Shares of BSE Ltd climbed 10 per cent in Friday's trade after NSE deferred its decision to change weekly and monthly expiries of futures and options (F&O) trades to Mondays from Thursdays.
The stock rose 9.99 per cent to hit a high of Rs 5,152.75 as NSE said the implementation of its previous circular is deferred "until further notice in view of SEBI consultation paper."
Earlier on March 4, NSE had said that the circular would come into effect from April 4, 2025 and the expiry day for all existing contracts was to be revised to 'new expiry day' on April 3.
If SEBI's consultation papers are implemented later, NSE may have to stay with Thursday expiry and BSE with Tuesday expiry. This is seen abating concerns regarding BSE's potential loss of market share and impact on earnings due to NSE's proposed move.
"This is beneficial for BSE because its current expiry day is Tuesday and a shift in NSE expiry to Monday from April 25 was expected to impact BSE’s volumes. The implementation of this consultation paper will allow spaced-out days for both BSE and NSE," MOFSL said while suggesting a 'Buy' on BSE.
MOFSL explained that since BSE already has contract expiry on Tuesday, NSE will have to probably stick to Thursday expiry, which will result in a steady growth trajectory for BSE.
"With BSE expiry ahead of NSE, the benefit of time decay is expected to remain intact, and BSE’s market share gain story is expected to continue. Nevertheless, the concern about the implementation of the consultation paper on entity-level limits remains a risk," it said.
Post a circular in January, BSE and NSE had chosen Tuesday and Thursday as the expiry days for derivatives contracts on single stocks and indices. But NSE recently proposed to change the final settlement day to Monday. SEBI in its consultation paper noted that the monthly single stocks derivatives contracts on one of the exchanges expire mid-month, whereas monthly index derivatives contracts on these constituents expire in the last week of the month.
"Spacing out of expiry days through the week reduces concentration risk, and provides an opportunity to exchanges to offer product differentiation to market participants. At the same time, too many expiry days has the potential to revive expiry day hyperactivity, which could jeopardize investor protection and market stability," SEBI pointed out.

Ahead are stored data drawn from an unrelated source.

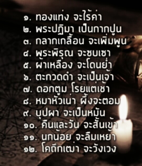 ผู้คนจะไม่กลัวบาปกลัวกรรม เมามันกับการติเตียนดูหมิ่นดูแคลนพระสงฆ์ กับทั้งพระสงฆ์ สามเณร ก็ไม่ตั้งอยู่ในศีลในธรรม ไม่เคารพรักธรรมนิยม ใช้ผ้าเหลืองแสวงหาลาภ จะหาผู้มีศีลมีธรรมก็เหลือน้อย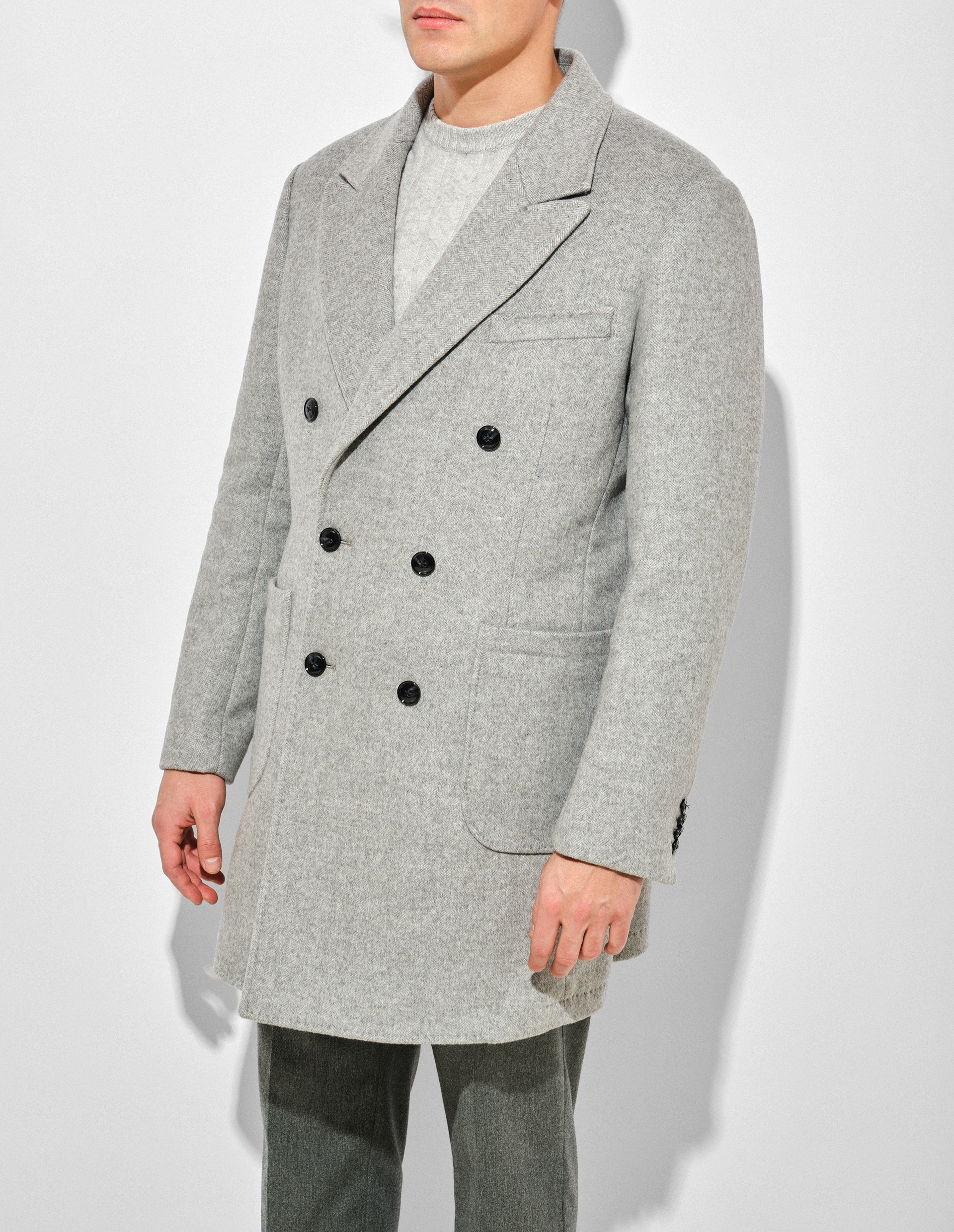 Двубортное пальто в оттенке Grigio из смесовой шерсти вдохновлено захватывающим контрастом черных пляжей Исландии и пенистых белых волн, воплощая дух элегантности, приключений, делая его идеальным спутником ваших городских путешествий. Почувствуйте его стиль, словно запечатленный на потрясающем фоне природы и реализованный в четких копьевидных лацканах, широких накладных карманах, комфортной длине до середины бедра.
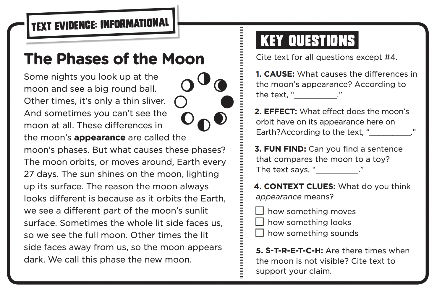 Select the correct text evidence to suppor the question. What causes the differences in the moon's appearance? According to the text, " ______________."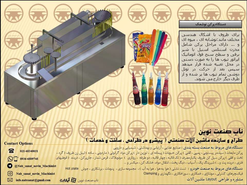 برای ظروف با اشکال هندسی مختلف مانند:نوشابه ای ، میوه ای و … دارای مراحل پرکن شامل مخزن استنلس استیل با شیر برقی و سطح سنج فول اتوماتیک اپراتور تیوب ها را به صورت دستی در محل تعبیه شده قرار میدهد سپس بعد از حرکت در تونل دوشی تمام تیوب ها پر شده و از طرف دیگر خارج می شوند. برای توضیحات بیشتر به لینک وبسایت به آدرسhttp://www.naabsanat.com مراجعه کنید و همچنین میتوانید در اینستاگرام با ما در ارتباط باشید instagram.com/nab_sanat_novin_machinist شماره تماس 09366509745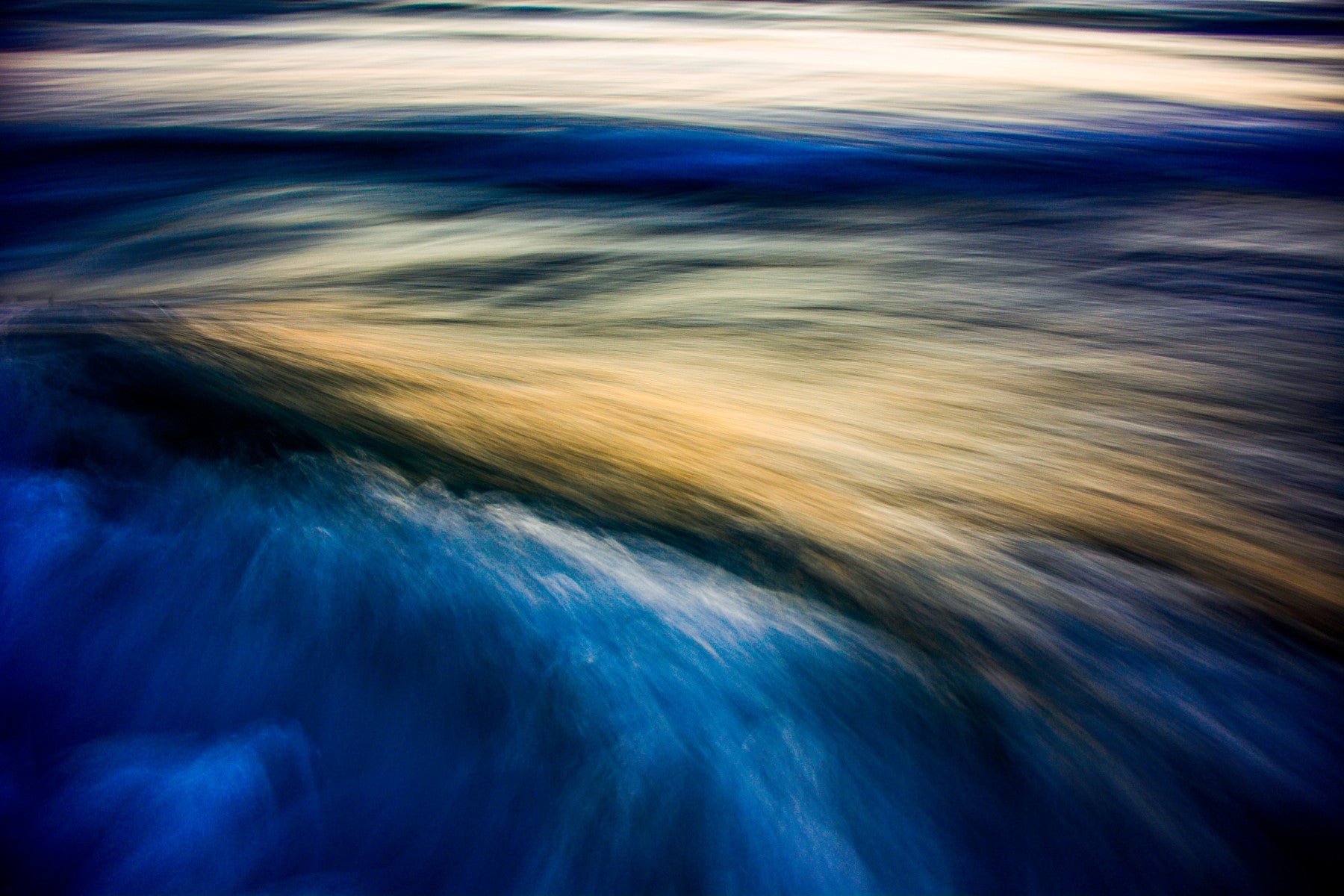 The Uniqueness of Waves VI captures the ethereal dance of water and light in a mesmerizing abstract. This wallpaper evokes a sense of calm and wonder, showcasing the fluid beauty of waves in perpetual motion. Cobalt blues and shimmering gold blend seamlessly, creating a dynamic yet soothing visual experience. The intentional blurring creates an impression of movement and flow, inviting contemplation on the ever-changing nature of the ocean. Let the unique energy of this wave transform your screen into a portal to the boundless sea, offering a tranquil escape and a reminder of the power and beauty inherent in the natural world. Ideal for those seeking a calming and artistic digital backdrop.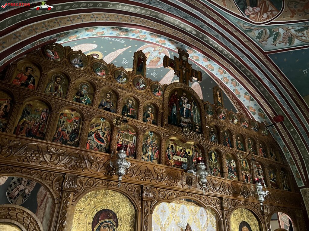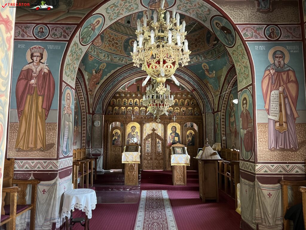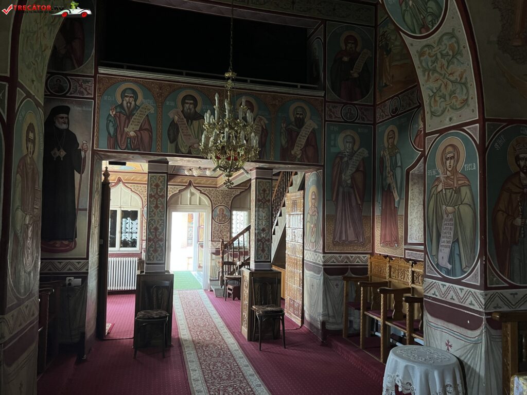 Intrarea in biserica se face pe o usa metalica, in fostul pridvor, care astazi este o prelungire a pronaosului. La randul sau, pronaosul este delimitat de naos, prin stalpi de zid. Catapeteasma bisericii este din lemn si dateaza din anul 1987.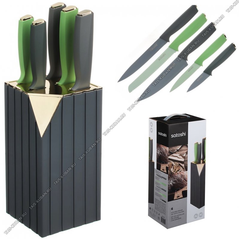 (шеф-нож 20см/для хлеба 19см/универсальный 13см и 15см/для овощей 9см) цветное нержавеющее лезвие,пластиковая ручка,зеленый,подарочная упаковка,Satoshi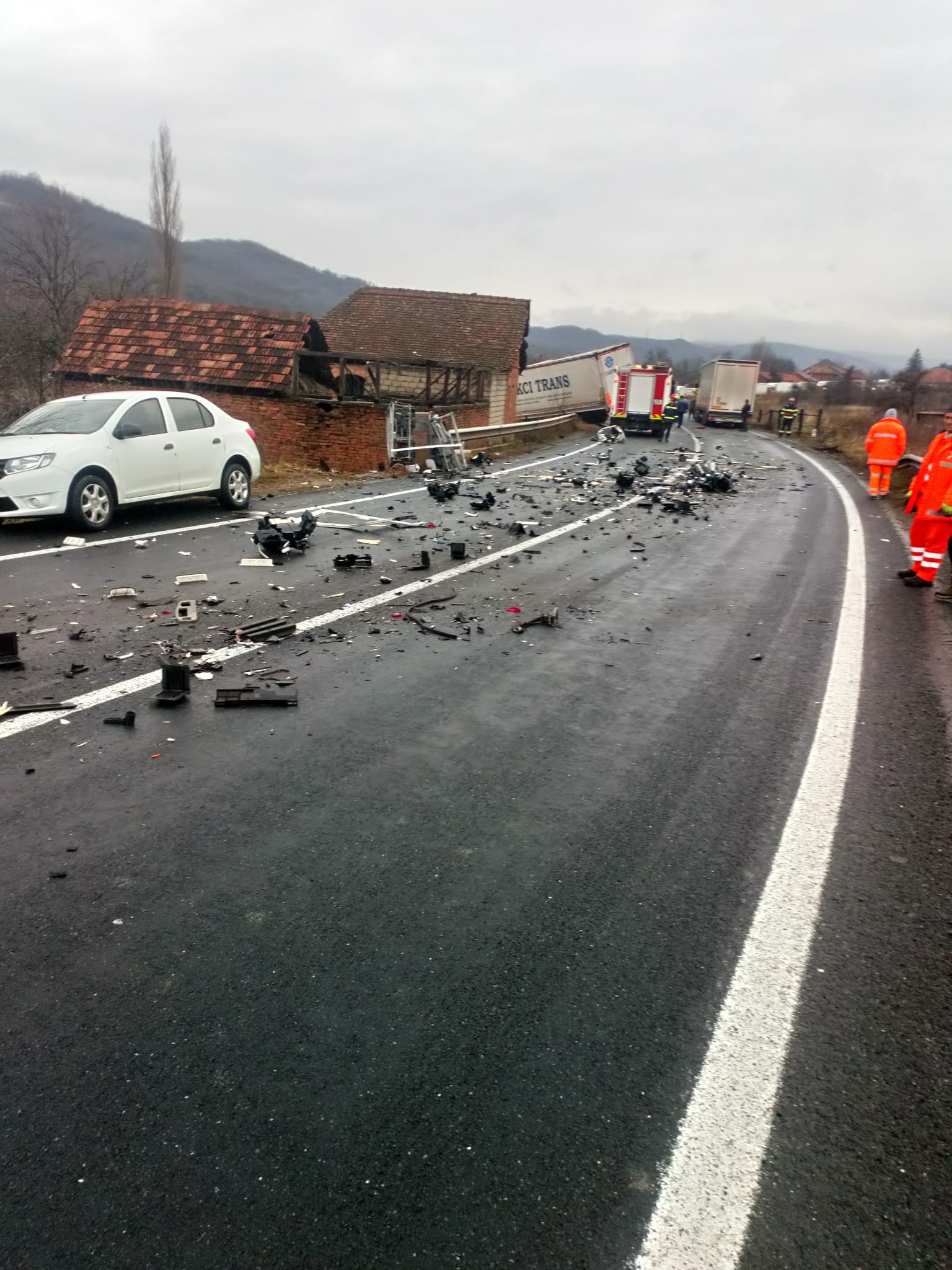 „Șoferul unuia dintre TIR-uri a fost extras de către echipajul de descarcerare al ISU Caraș-Severin și predat echipajului SAJ în vederea acordării de îngrijiri medicale și transport la Spitalul Municipal de Urgență Caransebeș”, precizează Anca Balint, purtător de cuvânt al Inspectoratului Județean pentru Situații de Urgență Semenic al județului Caraș-Severin.

In said it is desirable to formalise the final settlement days for equity derivatives contracts across exchanges so that it gives predictability to market participants while avoiding any unwarranted shuffling of such days by the exchanges that may impact market integrity or orderly trading.
SEBI has therefore proposed that expiries of all equity derivatives contracts of an exchange will be uniformly limited to one of either Tuesdays or Thursdays.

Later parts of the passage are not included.